Tuesday 8 March 2011

Carnaval

It's 5 pm. I sit in a dark classroom and watch Oggy and DeeDee. With me today are: a few Portuguese peasants, a male nurse, two Flamenco dancers, Zorro, a cat, a group of pirates and a very small old woman drowning in a salt-and-pepper wig.

It's Carnaval and, after all the excitement, lessons are impossible. Enter Oggy and DeeDee, who appear to be a version of the Itchy and Scratcy show. Multi-coloured violence, eye watering, and yet the kids watch with utmost nonchalance. The two other teachers present tap on computers. Everyone's tired, slumped in their chairs. I'm floating in a post-stress daze. Kira's been fretting all week, chirping excitedly, telling everyone she was 'going as a gypsy girl.'

'Mum, shall we see what I can wear?' - the phrase most heard since last Saturday. 'Tomorrow' – the phrase most uttered.

Finally, we looked – on the night before the Carnaval parade, which is VERY RESPECTABLE INDEED. It could have been – please keep it in mind – ten minutes before the parade.

She went as A Mongolian Princess (or just A Mongolian Person; if that's still too much, maybe only An Aspiring Mongol?) She wore golden silk pijamas, a red dragon vest and an arctic hare hat from Russia. She doesn't know it was pijamas, let's keep it like that.

The parade was on Thursday morning, market day in Monsoonville. The entire infantile population of the region was marched through town in Carnaval clothes, in a rain of confetti and a blur of jolly music.

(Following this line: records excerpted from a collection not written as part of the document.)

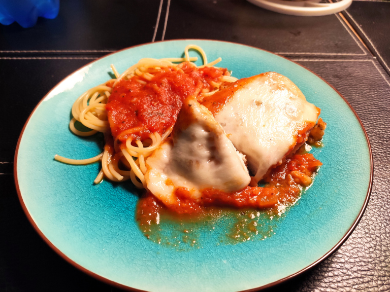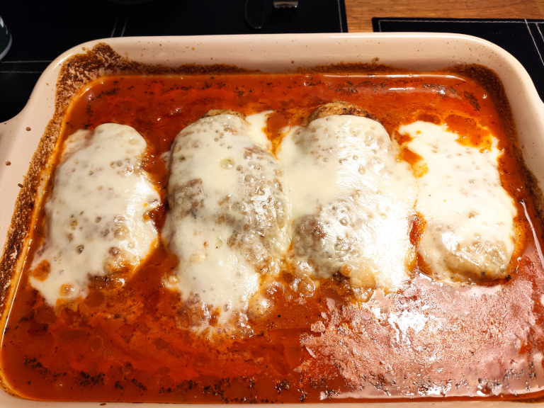Saucen hældes i et ildfast fad, de stegte kyllingestykker lægges ovenpå, mozzarellaosten placeres på kyllingekødet og fadet stilles i ovn ved 200° indstil osten er smeltet.
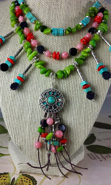 There were a couple of things that I could not find so I had to tweak the materials a bit. But in the end all of the colors were there. I thought the colors were a bold mixture so I went with a bold three stand necklace. I went back and forth on what to place as the middle pendant and actually started working with the waxed linen thinking I was starting from scratch on an entirely new piece. In the end, I thought that the medallion with waxed linen tassels added a natural element to the necklace that I thought was missing.
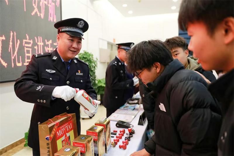 宣讲结束后,师生们还参观了平房分局在场外设置的摆放有仿真毒品模型、非法集资作案工具、假酒等违法道具的宣传展台。民警们为师生们详细讲解了相关知识,并发放了宣传单等宣传品,展示了冰城公安机关近年来在保障校园安全方面取得的成效。
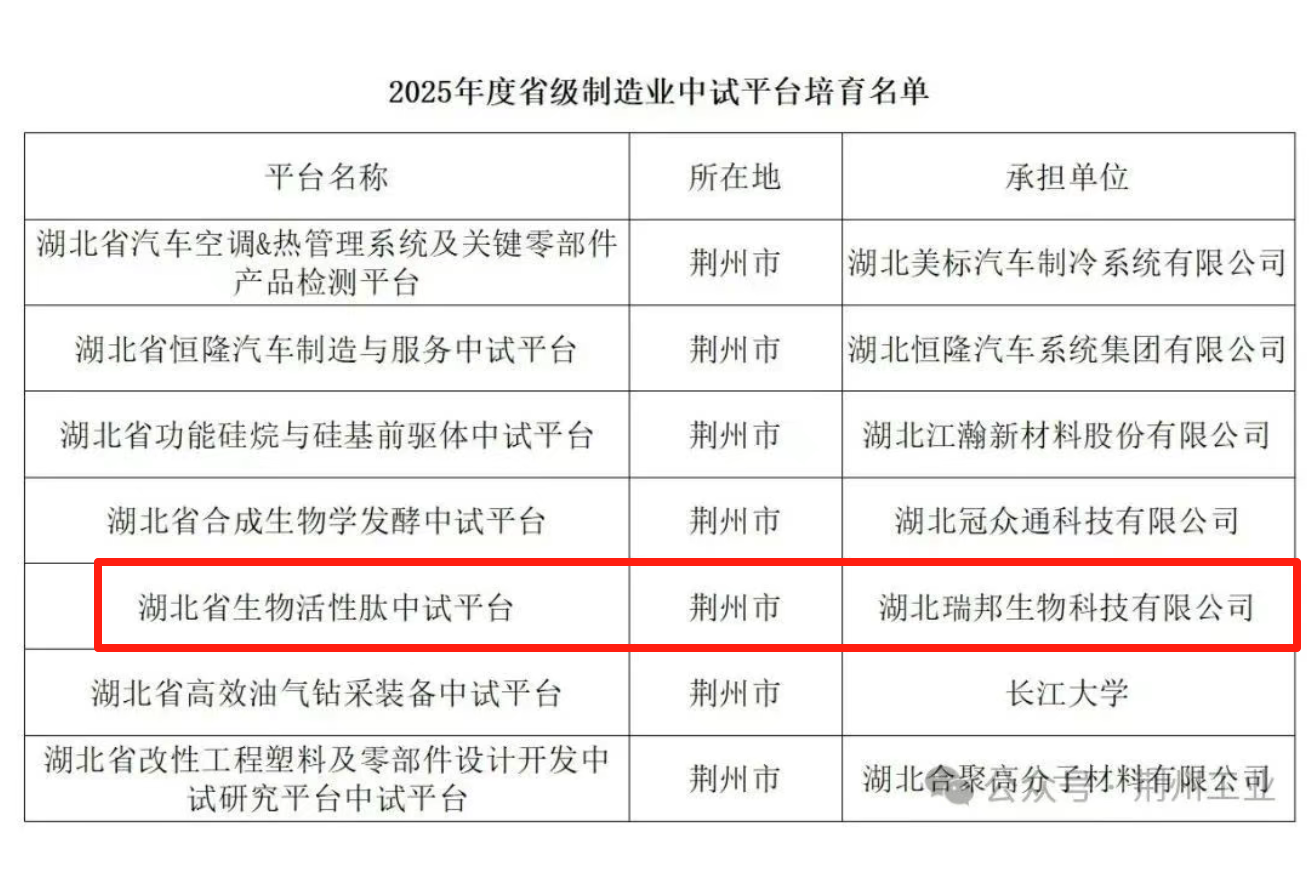 喜訊頻傳!瑞邦生物【生物活性肽中試平臺(tái)】正式入選2025年度湖北省省級(jí)制造業(yè)中試平臺(tái)培育名單!這是對(duì)...

Henry – our little Down Syndrome boy – was leading the parade, beating merily on a huge drum.

Everyone was ecstatic. Kira's white hare hat was shedding so much hair it looked like snow. When the kids ran out of confetti, they hit on a great plan: pat the hat; white bunny hairs would fill the streets at once.

P.S. It's now Tuesday evening, and Kira's off to her third Carnaval parade. She's wearing her third costume so far (after Mongolian Princess she became a Bride and now a Flower Fairy, but not yet a Gypsy Girl). The masks and music are the same. The white hare hat is bald.